Exercise goal: Print only the lines below, from the very first to the one containing "반면 의류·잡화 구입, 국내", exactly as they stand. Do not print pictures.

(Recorded data)
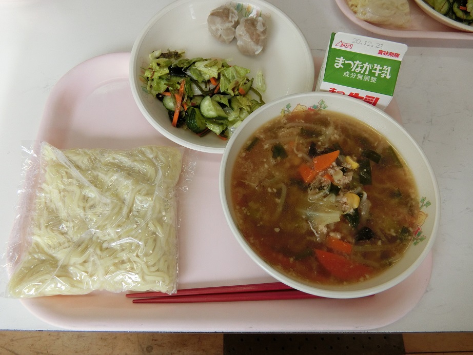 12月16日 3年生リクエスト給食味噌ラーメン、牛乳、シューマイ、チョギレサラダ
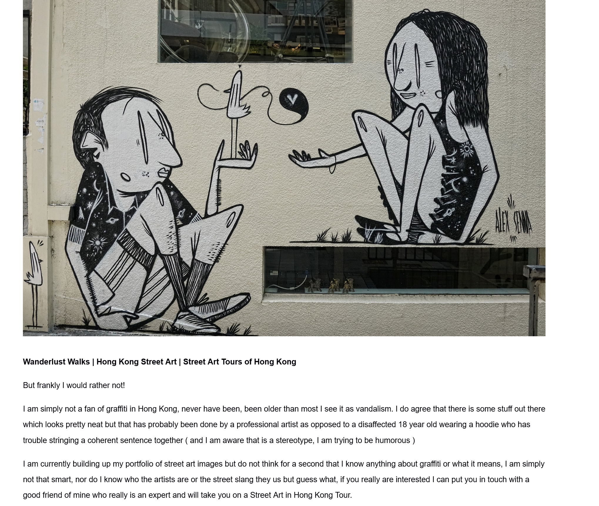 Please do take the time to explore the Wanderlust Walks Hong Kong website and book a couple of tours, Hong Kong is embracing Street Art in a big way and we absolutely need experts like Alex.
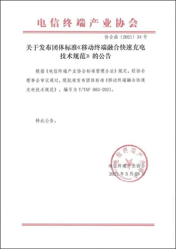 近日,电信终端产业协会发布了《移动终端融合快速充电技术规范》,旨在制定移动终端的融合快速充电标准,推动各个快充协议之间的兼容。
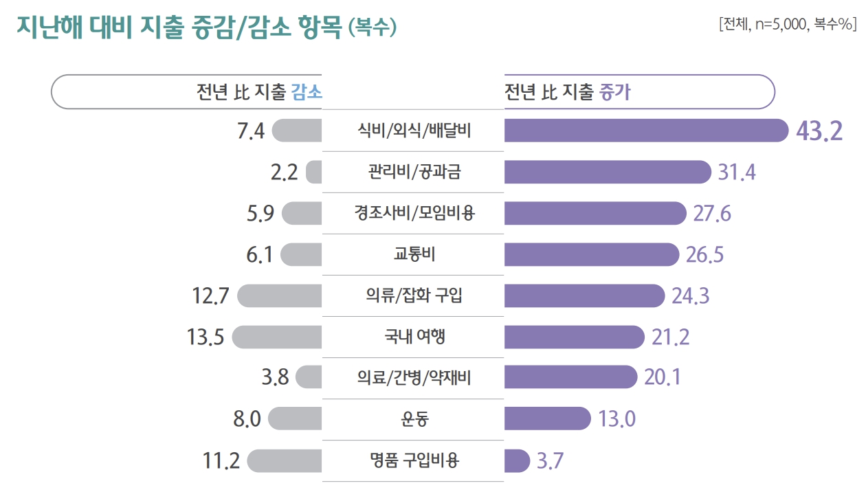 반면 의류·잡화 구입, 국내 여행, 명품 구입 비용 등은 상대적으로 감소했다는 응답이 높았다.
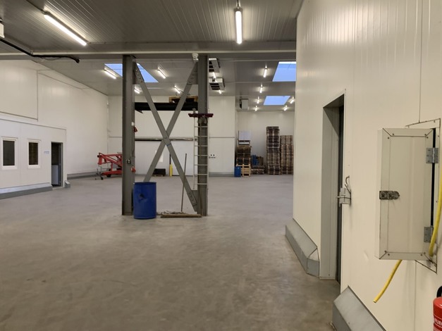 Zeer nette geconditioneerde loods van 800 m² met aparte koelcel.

Finished task:
 12月16日 3年生リクエスト給食味噌ラーメン、牛乳、シューマイ、チョギレサラダ
 Please do take the time to explore the Wanderlust Walks Hong Kong website and book a couple of tours, Hong Kong is embracing Street Art in a big way and we absolutely need experts like Alex.
 近日,电信终端产业协会发布了《移动终端融合快速充电技术规范》,旨在制定移动终端的融合快速充电标准,推动各个快充协议之间的兼容。
 반면 의류·잡화 구입, 국내 여행, 명품 구입 비용 등은 상대적으로 감소했다는 응답이 높았다.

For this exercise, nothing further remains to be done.